• MATERIAL PROVIDED:
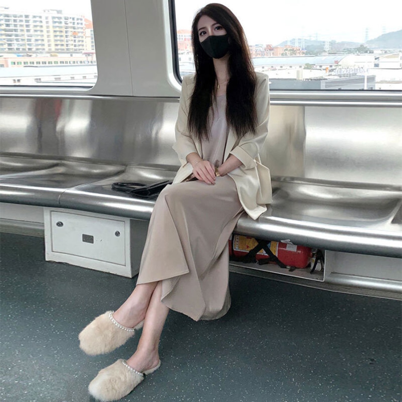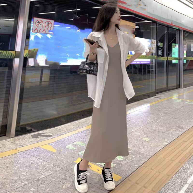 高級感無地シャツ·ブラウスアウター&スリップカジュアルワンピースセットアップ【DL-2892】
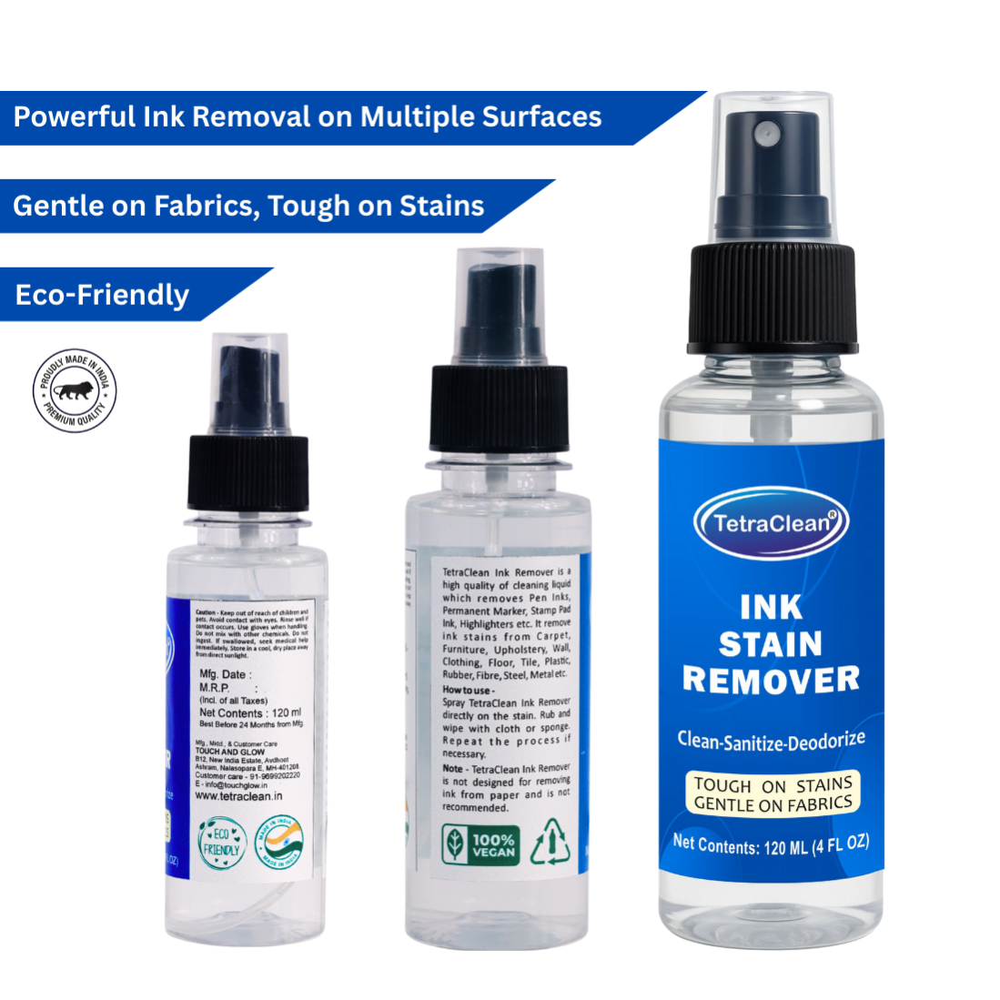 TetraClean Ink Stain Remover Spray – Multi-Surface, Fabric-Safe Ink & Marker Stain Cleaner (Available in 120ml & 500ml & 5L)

--

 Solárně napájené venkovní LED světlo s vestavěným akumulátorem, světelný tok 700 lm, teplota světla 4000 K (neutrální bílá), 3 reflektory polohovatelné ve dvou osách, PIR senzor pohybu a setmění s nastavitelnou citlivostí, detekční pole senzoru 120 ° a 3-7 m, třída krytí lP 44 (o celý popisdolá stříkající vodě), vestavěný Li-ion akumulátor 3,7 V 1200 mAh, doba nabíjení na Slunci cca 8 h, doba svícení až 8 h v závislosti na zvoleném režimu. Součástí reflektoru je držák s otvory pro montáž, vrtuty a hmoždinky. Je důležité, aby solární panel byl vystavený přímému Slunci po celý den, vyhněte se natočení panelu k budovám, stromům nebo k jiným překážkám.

• REQUIRED ACTION: Within the listing above, find the line containing "高級感無地シャツ·ブラウスア" and the line containing "TetraClean Ink Stain". Transcribe them and everything between them exactly, leaving out the pictures.

• RESULT:
 高級感無地シャツ·ブラウスアウター&スリップカジュアルワンピースセットアップ【DL-2892】
 TetraClean Ink Stain Remover Spray – Multi-Surface, Fabric-Safe Ink & Marker Stain Cleaner (Available in 120ml & 500ml & 5L)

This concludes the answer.